An Improbable Friendship
Page 6
For the first time since moving to Nahalal as a teenager, Ruth had free time on her hands. As the maid cooked and cleaned, Ruth began meeting a friend Betty, a born New Yorker, for morning coffee at Cafe Atara on King George Street. The two had a lot to commiserate about: Betty’s husband was the founder of the Mossad, and the spy chief was even more secretive than Moshe.11 One bit of cheerful news Ruth got from Betty was that her husband had intercepted letters of foreign diplomats praising Ruth’s—and the maid’s—cooking.
Moshe lived in the same house as Ruth, and she saw him every day. Absorbed in the monumental task of keeping the city safe from attack, Moshe’s hard-driving work routine from crack of dawn till late at night reintroduced the terrible loneliness that had plagued Ruth since his underground days. Ben-Gurion’s favorite commando was sucked up into the vortex of geopolitics when he negotiated with King Abdullah’s top general Abdullah El-Tell the “Absolute and Sincere Ceasefire.” Moshe and Abdullah El-Tell conducted clandestine talks to stabilize the long fortified border and bring a modicum of normalcy to deeply scarred Jerusalem.
Dayan set up Mandelbaum Gate, established on the ruins of a villa built by a Russian-Jewish manufacturer of stockings. The Gate was the Checkpoint Charlie of Jerusalem and for Arabs a symbol of the loss of their country and their forced separation from families, neighbors, and friends.
Ruth tried her best to be a part of his life. One of her attempts to have a toehold in Moshe’s world was a spy course organized by Betty’s husband; but she flunked because she didn’t have what it took to betray people: passing the course meant she would have to spy on the foreign diplomats who praised her cooking.
The children worshipped their increasingly famous father. Yael would later describe her father as a “tribal patriarch,” and his world became theirs. There was a more human side to the hero, like peeing in the garden behind the villa or cleaning out earwax with the house key.
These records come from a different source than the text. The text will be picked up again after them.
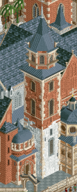 the orange rooves are likely true to the real life version (i'm assuming this is a real castle in krakow) but they are garish from this airborne perspective. however they do vibe VERY nicely with the eggshell blue towers. beautiful.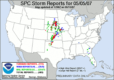 SPC-Reports von Freitag, den 4. Mai 2007: Meldungen über Tornadosichtungen, Hagel- und Gewitter-Fallböen (Downbursts)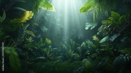 Fototapeta premium Lush jungle scene, sunlight filtering through canopy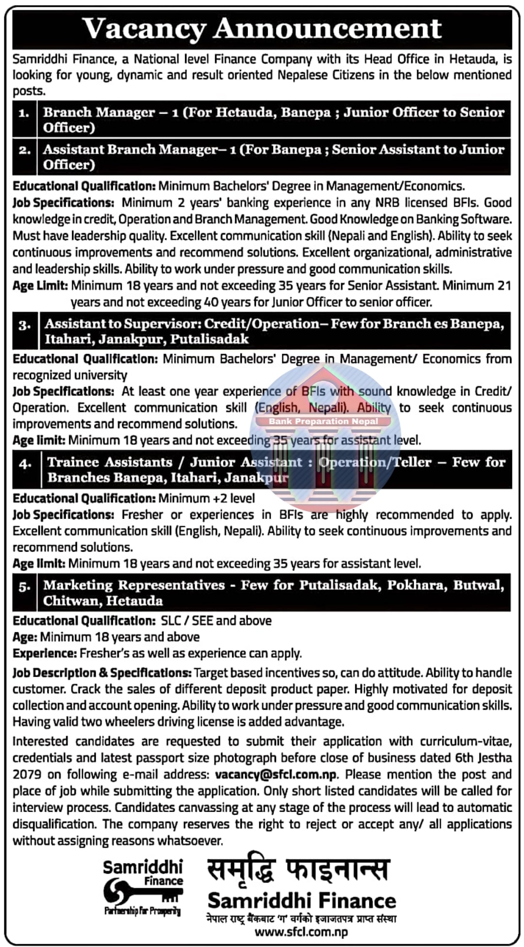 काठमाडौं । समृद्धि फाइनान्स कम्पनीले विभिन्न पदका लागि कर्मचारीको माग गरेको छ । कम्पनीले ब्रान्च म्यानेजरमा जुनियर अफिसरदेखि सिनियर अफिसरसम्मका लागि केही, असिस्टेन्ट ब्रान्च म्यानेजरमा सिनियर असिस्टेन्टदेखि जुनियर अफिसरसम्मका लागि केही, असिस्टेन्टदेखि सुपरभाइजरका लागि केही , ट्रेनी असिस्टेन्टका लागि केही र मार्केटिङ रिप्रिजेन्टीटिभका लागि केही संख्यामा कर्मचारीको माग गरेको हो ।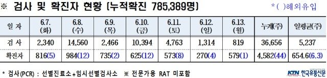 경북도내, 6월 13일 코로나19 확진자 579명(국내 578, 국외 1) 발생

Yael rambled with her father through the “abandoned” Arab villages surrounding Jerusalem, where they gorged themselves off the fruit from orchards whose owners were vegetating in tent camps. In her child’s eyes, rambling through the empty countryside and scampering through haunted ruins was a new Eden. Her brave father was the first Adam, she his mischievous little Eve.
On a different occasion, it was Udi’s turn to be dazzled by his father. Moshe took the nine-year-old on a pigeon shoot not far from Gaza, a thin strip of land then under the control of the Egyptians. Moshe liked to bag the birds and take them home for Ruth to cook. By chance the hunt was around Tel el Hesi, which was the first major archeological site to be excavated in Palestine. There was so much rain that year that a part of the slope had been washed away, exposing a clay jar. Moshe pulled it out of its mud and, curious about its provenance, took it to an army colleague and part-time archeologist who dated it back to the Iron Age era of David and Goliath.12 Moshe was hooked. Over his long career as an amateur archeologist, Moshe assembled a private museum full of ancient treasures.
For a man who never lost his boyish love of discovery, Eretz Yisrael, which in his imagination had been neglected and fallow for millennia by Arabs in their “mud hovels,” was the world’s most thrilling sandbox. With pick and shovel, he pursued his fetishistic mysticism of pure and authentic Hebrew roots, his tactile encounter with the epoch of the Patriarchs, Judges, and Kings.13
He had never been happier. Ruth still missed life on the farm, and whenever she could, she took prominent visitors on a tour of the cowsheds. In his book Strange Lands the US Supreme Court Justice William O. Douglas describes one such visit “to a pleasant, fertile spot” owned by the “famous Colonel Moshe Dayan and his attractive and brilliant wife.” “Brilliant” was an adjective neither Moshe nor Yael would ever employ in talking about Ruth. Married to the State of Israel, Moshe was too busy to notice that his neglected wife was beginning to blossom in unexpected ways.
11
Ave Maria
Like all the Palestinians who fled to Lebanon, Habib Hawa planned on going back to Haifa the moment the fighting stopped. But he heard reports that soldiers from the Israel Defense Forces (IDF), as the Haganah now called itself, were opening fire at people who tried to return to what was now the State of Israel. Gripped by panic, at once he headed back to find Raymonda, sneaking across the heavily fortified frontier at night. Soldiers spotted him in an olive grove and shot at him, hitting him in the leg. They dragged him half alive to a nearby building for interrogation. He would have bled to death if the officer who questioned him—Bechor-Shalom Sheetrit, the future Israeli minister of police—hadn’t been his friend. A decent, humane man, Sheetrit drove him, his clothes drenched with blood, to a hospital; and unlike hundreds of thousands of others, Habib was allowed to return to Haifa.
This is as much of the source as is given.